We pretty much sold out of these. But I sibbed a few very good ones, although almost all are excellent as it is a primary. 
I probably should also remake as a sib cross is very different than the original.
Also we have tons of caudatum coming at the moment.
Every year is different.
JC




Migrant13 said:


> This fantastic OZ cross is wallisii 'Green Giant' x caudatum 'Daddy Long Legs'. The longest sepals are 21 inches and may still be elongating. I gave this one a lot of sun this past summer and it paid off in flowers even though the foliage took a hit. Notice the dark brown horns in the staminode complete with a few black hairs!


----------



## Linus_Cello (Mar 20, 2016)

Wow! I would love one like this.


----------



## troy (Mar 20, 2016)

Excellent!!!


----------



## Denver (Mar 20, 2016)

I resisted the temptation to buy one of these and now I am regretting it and super jealous!

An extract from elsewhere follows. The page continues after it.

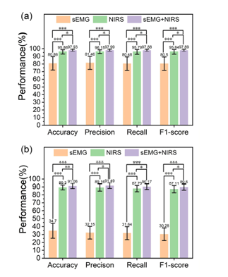 • 模態(tài)互補(bǔ)性:結(jié)果顯示,融合模型的識(shí)別效果優(yōu)于部分單一模態(tài)測(cè)試。研究指出,NIRS在反映深層肌群代謝變化方面具有特點(diǎn),而sEMG在捕捉快速神經(jīng)驅(qū)動(dòng)變化上表現(xiàn)敏感,兩者結(jié)合有助于提升信息的完整性。
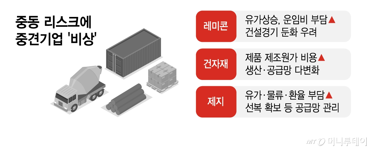 11일 업계에 따르면 레미콘·건자재·제지 등 중견 제조업체들은 이란을 둘러싼 중동 지역의 긴장 고조에 따른 비용 상승 가능성을 예의주시하며 대응 전략을 살피고 있다. 에너지 비용과 물류비 상승이 동시에 들이닥치면서 수익성 압박 단계까지 도달했다는 우려가 공통적으로 나온다.

That is fantastic!


----------



## eaborne (Mar 20, 2016)

Fabulous!


----------



## Ryan Young (Mar 21, 2016)

Those are great, I'm a fan of alba greens and coeruleas so this really does it for me. 

Sent from my ONE A2005 using Tapatalk


----------



## Clark (Mar 21, 2016)

Jackpot!
Great buy


----------



## Achamore (Mar 21, 2016)

Fabulous..! I want one..!


----------



## Justin (Mar 21, 2016)

Sweet


----------



## Bjorn (Mar 21, 2016)

Splendid!


----------



## blondie (Mar 21, 2016)

Amazing on of my favourite hybrids of the long petalled on lovely plant


----------



## eteson (Mar 21, 2016)

exquisite hybrid. love it


----------



## phraggy (Mar 21, 2016)

I think I need one, or two, of these.
Well grown,

Ed


----------



## e-spice (Mar 21, 2016)

That's really gorgeous.


----------



## NYEric (Mar 21, 2016)

That's fantastic, for a green Phrag. Since caudatum is not a water-hog, how do you grow it?


----------



## orchidman77 (Mar 21, 2016)

WOW. This is fantastic - great growing and pictures!

David


----------



## Migrant13 (Mar 21, 2016)

NYEric said:


> That's fantastic, for a green Phrag. Since caudatum is not a water-hog, how do you grow it?



I water 2-3 times per week and more in summer when it's outside. Lots of light and feeding weekly weakly.


----------



## abax (Mar 21, 2016)

Lovely bloom that's kind of spooky and kind of funny in
that close up shot. The "horns" look a tad menacing!


----------



## PaphLover (Mar 21, 2016)

Lovely! Just lovely!


----------



## eOrchids (Mar 23, 2016)

Gorgeous!


----------



## raymond (Mar 23, 2016)

wow


----------



## Kawarthapine (Mar 23, 2016)

That is a great plant.

I really love the leopard frog like pattern to the dorsal.

Definitely going on my bucket list.

Thanks for posting.


----------



## Ozpaph (Mar 24, 2016)

very well grown


----------



## SlipperFan (Mar 24, 2016)

I love it! Wonderful soft and subtle color.


----------



## Silvan (Mar 25, 2016)

Very elegant. I'm wondering why I don't have that in my collection yet.
:clap:


----------



## Phrag-Plus (Mar 26, 2016)

Very nice! And floriferous!


----------